O nosso objetivo é parar o avanço do deserto e ajudar as pessoas e viver melhor na sua terra“, explica Papa Sarr, diretor técnico da Agência Nacional da Grande Muralha Verde no Senegal. “Quando há árvores, os micro-organismos na terra regeneram e ajudam outros organismos a viver. Ao princípio é uma transformação invisível mas é muito importante“, acrescenta.

Os novos milhares de árvores absorverão dióxido de carbono e produzirão oxigénio, o que poderia melhorar a qualidade do ar em muitas cidades africanas.

Um processo lento e difícil em países instáveis

Oito anos após a introdução das primeiras parcelas da nova floresta, na aldeia de Kooyah, os especialistas afirmam que ainda é muito cedo para tirar conclusões. A taxa de sucesso está entre os 70% e os 75%, mas varia drasticamente entre as parcelas. Segundo as autoridades, a regeneração das espécies vegetais já se verifica, mas é um processo bastante lento.

O maior obstáculo do ambicioso projeto poderia ser a instabilidade política. É que a barreira pretende cruzar o Niger, o Sudão, Mali e Chad, países com grupos armados e organizações terroristas, que impedem a entrada de estrangeiros.

Nem todas as comunidades vão entender o valor das árvores“, adverte a analista política Mary Harper. Em lugares como a Somália, de onde vem a maioria da população que vivem abaixo da linha da pobreza, “a nova floresta pode rapidamente transformar-se em lenha e carvão“.

A China também tenta construir uma muralha verde

Não é a primeira vez que alguém tenta erguer uma floresta do nada… Em 1978, a China tentou construir a sua própria “Grande Muralha Verde”. O objetivo era criar uma barreira de árvores ao longo de 500 quilómetros, para deter o deserto de Gobi.

Alguns especialistas denunciam que a premissa do projeto é errada. “O problema não está no avanço do deserto”, diz Richard Escadafal, presidente do Comité Científico Francês contra a Desertificação.

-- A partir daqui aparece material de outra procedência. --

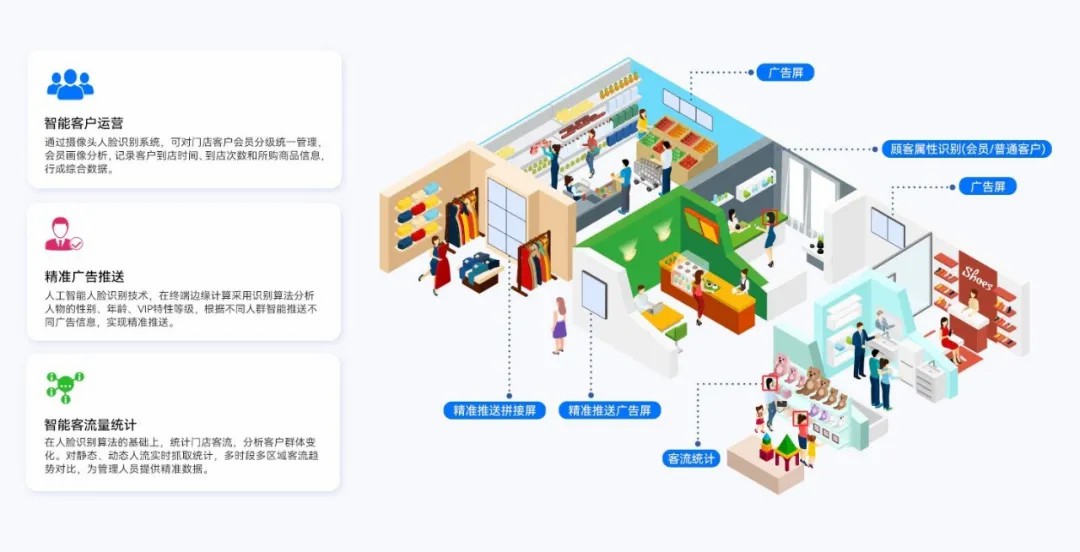 为了解决广告无法个性化展示的问题,long8-龙8科技中央大数据管控系统全面收集顾客的各种信息,包括消费偏好、购买历史、浏览习惯等,通过摄像头人脸识别,终端边缘计算分析人物的性别、年龄、VIP级别等,根据特征智能推送不同的广告信息,实现精准推送。例如,系统分析出顾客 A 经常购买运动类产品且对某品牌运动鞋有较高忠诚度,遂推送相关的广告促成消费。同时,通过对广告投放效果的实时监测和数据反馈,不断优化广告投放策略,进一步提高广告的个性化精准度。
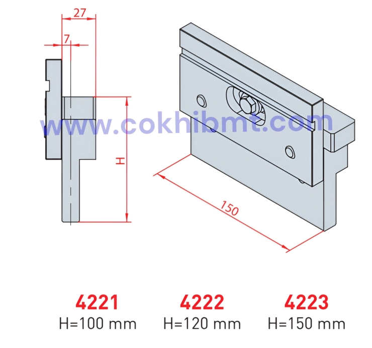 Dòng sản phẩm gồm 3 mã 4221, 4222 và 4223, khác nhau về chiều cao H, phù hợp với nhiều cấu hình máy chấn CNC khác nhau.

Segundo a organização, a desertificação do Sahel não está a ser causada pela invasão de areia do Sahara, mas antes pela falta de chuva, a concentração populacional e a sobre-exploração agrícola. E “a barreira não atua sobre as causas desses problemas”.

Até agora, o governo plantou cerca de 70 mil milhões de árvores mas vários estudos mostram que o avanço do deserto continua e que a maioria das árvores morrem prematuramente. Apesar das dificuldades, há pequenos sinais de esperança. Muitos dos animais que desapareceram da aldeia de Kooyah estão a voltar. Os habitantes dizem encontrar antílopes, lebres e pássaros que não viam nos últimos 50 anos.